In my experimentation so far, I've tried:
xr.open_dataset
with chunks
arg, and it loads the data into memory.NetCDF4DataStore
, and call ds['field'].values
and it loads the data into memory.ScipyDataStore
with mmap='r'
, and ds['field'].values
loads the data into memory.From what I have seen, the design seems to center not around actually applying numpy functions on memory-mapped arrays, but rather loading small chunks into memory (sometimes using memory-mapping to do so). For example, this comment. And somewhat related comment here about not xarray not being able to determine whether a numpy array is mmapped or not.
I'd like to be able to represent and slice data as an xarray.Dataset
, and be able to call .values
(or .data
) to get an ndarray
, but have it remain mmapped (for purposes of shared-memory and so on).
It would also be nice if chunked dask operations could at least operate on the memory-mapped array until it actually needs to mutate something, which seems possible since dask seems to be designed around immutable arrays.
I did find a trick with xarray, though, which is to do like so:
data=np.load('file.npy', mmap_mode='r')
ds=xr.Dataset({'foo': (['dim1', 'dim2'], data)})

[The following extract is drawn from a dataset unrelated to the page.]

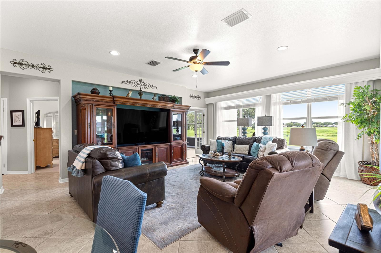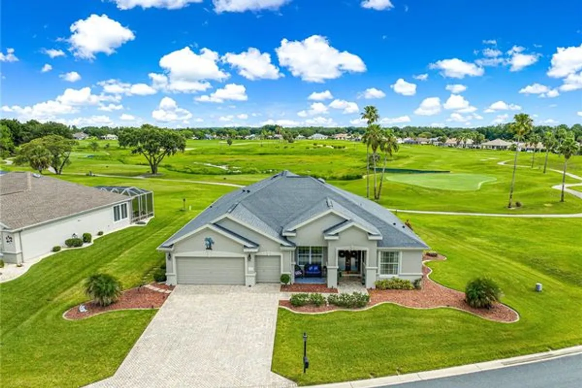 Looking for a large home close to The Villages. Welcome to this beautiful Home in Guard Gated Del Webb Spruce Creek Golf & Country Club. This home is situated on the third hole of the Masters Golf Course, offering sweeping views of holes one and two. With 2806 square feet alongside the heated and cooled lanai equaling 3,222 square feet. This home provides the ultimate blend of luxury and comfort—and there are no bonds or CDD fees. This LEXINGTON (the largest model floor plan built in Del Webb) 3/2 plus an office/den model with enclosed lanai and 3 car garage, has plenty of room for a pool! Step through the grand double-door entry to be greeted by breathtaking golf course views. Enjoy morning coffee or evening sunsets from this oversized enclosed lanai overlooking the manicured greens. The large kitchen with Island, has canned lighting and desk area overlooking the large family room. This one is a split floor plan which is perfect for guests. A large primary bedroom suite that has sliding glass doors to the enclosed lanai. Ensuite bath has a large walk-in closet, shower, double sinks and a garden tub. Three Mini Splits recently installed. The lot next door is empty giving you plenty of space to enjoy the outdoors. There are so many upgrades and features to this beautiful home. The Community is packed with activities, (Club house, golf, fitness center, softball field, basketball court, horseshoes, shuffleboard, bocce, walking trail, pavilion on the lake, 3 pools, 2 hot tubs, billiards, pickleball courts, ballroom, hobby rooms, social activities daily). Liberty Grill Restaurant next to Horizen Center Clubhouse. Home Painted inside and out 2023, New Attic Insulation installed 2024, Kitchen Back Splash 2023, Hot Water Heater 2025. Owner is the Agent

At this point, things like the following work without loading anything into memory:
np.sum(ds['foo'].values)
np.sum(ds['foo'][::2,:].values)
...xarray apparently doesn't know that the array is mmapped, and can't afford to impose a np.copy
for cases like these.
Is there a "supported" way to do read-only memmapping (or copy-on write for that matter) in xarray or dask?
xr.open_dataset
with chunks=
should not immediately load data into memory, it should create a dask.array
, which evaluates lazily.
testfile = '/Users/mdurant/data/smith_sandwell_topo_v8_2.nc'
arr = xr.open_dataset(testfile, chunks={'latitude': 6336//11, 'longitude': 10800//15}).ROSE
arr
<xarray.DataArray 'ROSE' (latitude: 6336, longitude: 10800)>
dask.array</Users/mdurant/data/smith_sandwell_topo_v8_2.nc:/ROSE, shape=(6336, 10800), dtype=float64, chunksize=(576, 720)>
Coordinates:
* longitude (longitude) float32 0.0166667 0.05 0.0833333 0.116667 0.15 ...
* latitude (latitude) float32 -72.0009 -71.9905 -71.9802 -71.9699 ...
Attributes:
long_name: Topography and Bathymetry ( 8123m -> -10799m)
units: meters
valid_range: [-32766 32767]
unpacked_missing_value: -32767.0
(note the dask.array in the above)
Many xarray operations on this may be lazy, and work chunkwise (and if you slice, only required chunks would be loaded)
arr.sum()
<xarray.DataArray 'ROSE' ()>
dask.array<sum-aggregate, shape=(), dtype=float64, chunksize=()>
arr.sum().values # evaluates
This is not the same as memory mapping, however, so I appreciate if this doesn't answer your question.
With dask's threaded scheduler, in-memory values are available to the other workers, so sharing would be quite efficient. Conversely, the distributed scheduler is quite good at recognising when results can be reused within a computation graph or between graphs.